Este año se cumplen cien del triunfo de la revolución rusa. Con tal motivo he recuperado un libro de Manuel Chaves Nogales leído hace ya tiempo: El maestro Juan Martínez que estaba allí, en el que el gran periodista sevillano da forma a los recuerdos de Juan Martínez, un bailarín de flamenco al que Chaves conoció en París y que le contó su experiencia directa de la revolución bolchevique y sus dramáticas andanzas –acompañado de Sole, su mujer– por la Rusia de Nicolás II, de Kerenski y de Lenin. El texto lo publicó la revista Estampa –mediante veinticuatro entregas– en 1934, año cargado en España de fuerte tensión política.
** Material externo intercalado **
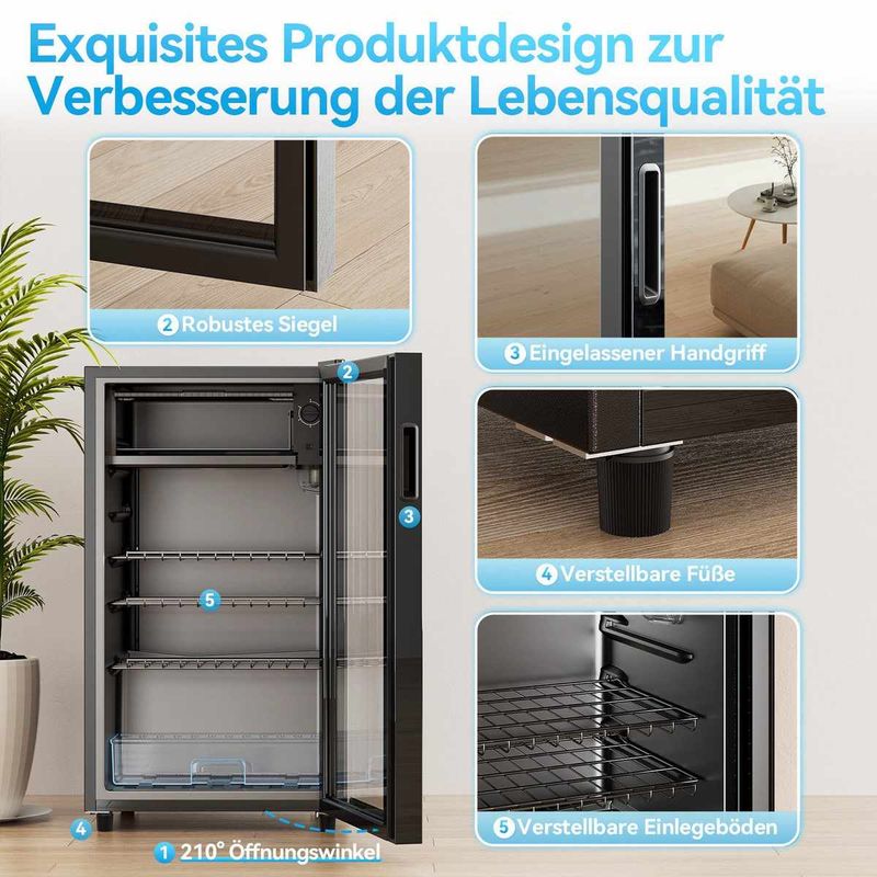 Besonderheiten: 5 Temperaturstufen, 3 verstellbare Regalböden, LED-Beleuchtung, große Kapazität trotz kompakter Maße, geräuscharm, gehärtete Glastür (doppelwandig)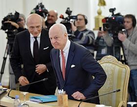Специальный представитель генерального секретаря ООН по Сирии Стаффан де Мистура (в центре), министр…

Juan Martínez era todo lo flamenco que puede llegar a ser un natural de Burgos, aunque otras fuentes lo hacen cartagenero. Chaves lo describe con aires de “granujilla madrileño y castizo, con arrequives de pillo de playa andaluz, pero muy mirado, de una peculiar hombría de bien y una moral casuística complicadísima”. Dice MaríaIsabel Cintas que hablaba en una lengua imposible, mezcla de diversas procedencias, y había recorrido medio mundo en exitosas tournées en las que tenía no poco mérito su pareja Sole, “una moza de pueblo alegre y bonita como una onza de oro”, según Chaves. Ahora bien, “el bailarín Martínez –añade Chaves– no es marxista ni antimarxista; lo ignora todo, y habla de la revolución tal como la ha visto; tal como la ha vivido. (…) Dice claramente a los españoles cómo es una revolución social”, los males que acarrea, cómo fue la revolución rusa y cómo trastornó la vida de cien millones de rusos.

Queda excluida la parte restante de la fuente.